Supplied data —

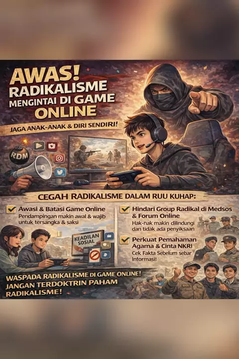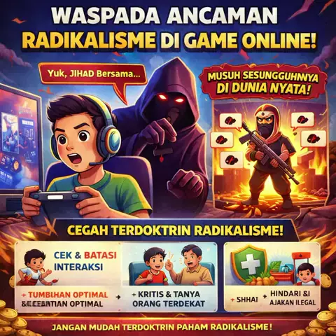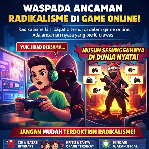 Awas radikalisme mengintai di game online, jaga anak dan diri sendiri dengan batasi game dan hindari grup radikal! #AwasRadikalisme #GameOnlineAman #CegahRadikalismeDigital #JagaAnakDariRadikalisme #WaspadaGameOnline
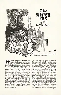 ![]() Title page of "The Silver Key" as it appeared in Weird Tales, January 1929. Illustration by Hugh Rankin.[1] | |
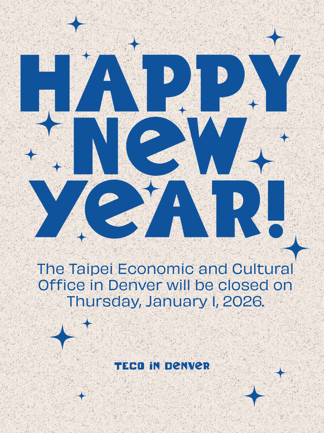 【Announcement】 In observance of the Founding Day of the Republic of China (Taiwan), the Taipei Economic and Cultural Office in Denver will be closed on Thursday, January 1st, 2026. If you need emergency assistance, please call (816) 522-9546.
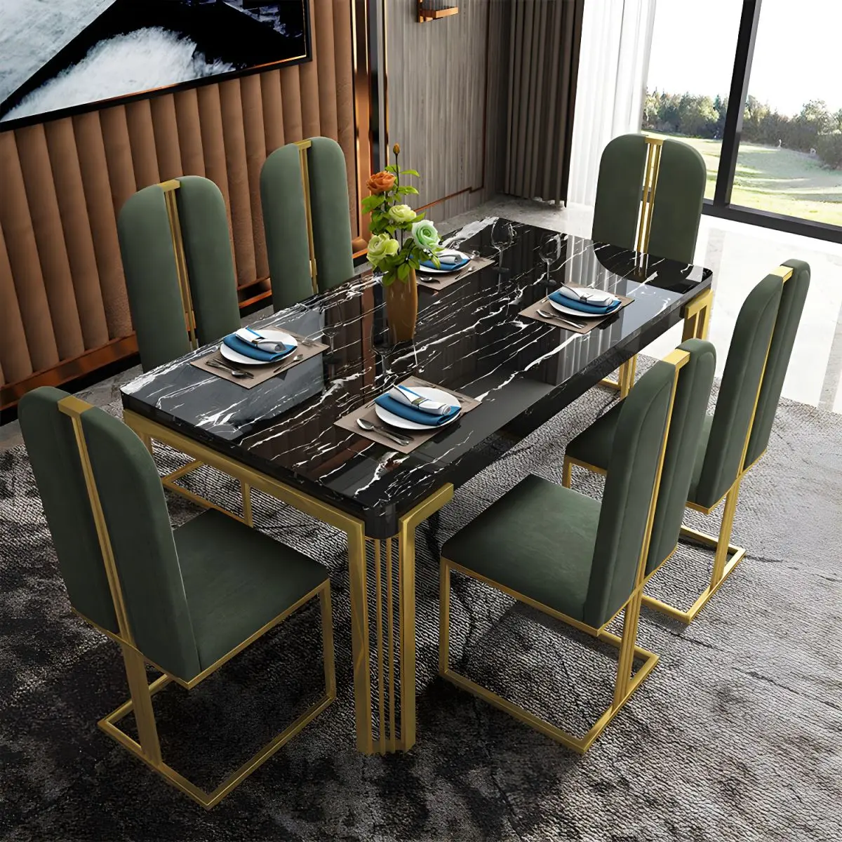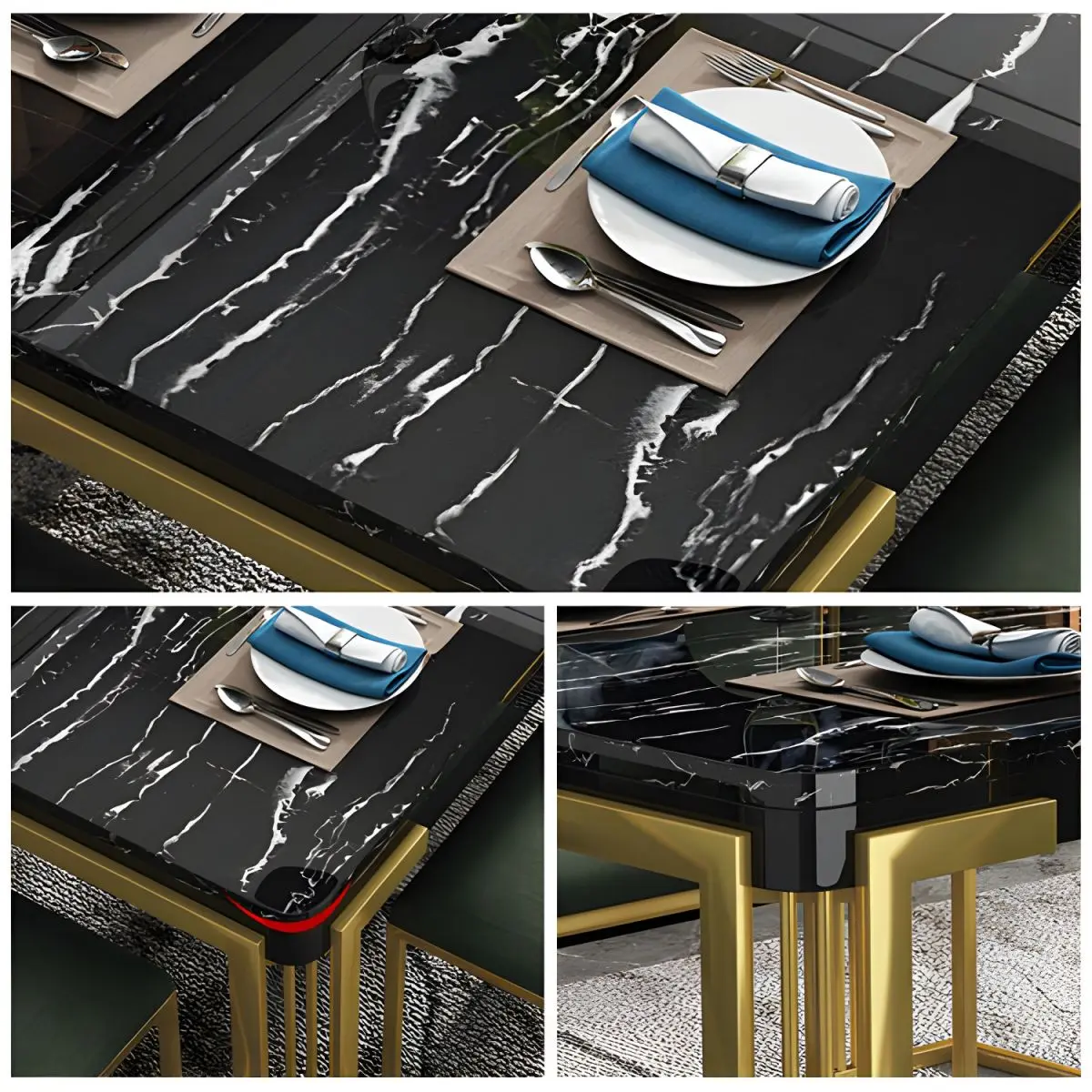 طاولة طعام رخام هذه تجمع بين قاعدة مصنوعة من الستيل المذهب الصلب بشكل أنيق وسطح رخامي فاخر. يضيف التصميم الذهبي للقاعدة لمسة من الرفاهية، و يأتي السطح الرخامي بخيارات للاختيار من بينها بيضاء أو سوداء، مما يتيح لك تنسيقها بسهولة مع ديكور منزلك.
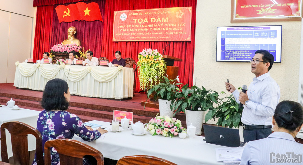 (CT) - Ngày 14-4, Sở Nội vụ TP Cần Thơ phối hợp UBND quận Bình Thủy tổ chức tọa đàm chia sẻ kinh nghiệm về công tác cải cách hành chính (CCHC) năm 2023, cụm 3 gồm các quận Ninh Kiều, Bình Thủy và Cái Răng.

Your instructions — Starting with the opening line of the listing, write out each line exactly until the line that contains "Rankin.[1] | |" has been included; skip the pictures.

Output for this task —
 Awas radikalisme mengintai di game online, jaga anak dan diri sendiri dengan batasi game dan hindari grup radikal! #AwasRadikalisme #GameOnlineAman #CegahRadikalismeDigital #JagaAnakDariRadikalisme #WaspadaGameOnline
 ![]() Title page of "The Silver Key" as it appeared in Weird Tales, January 1929. Illustration by Hugh Rankin.[1] | |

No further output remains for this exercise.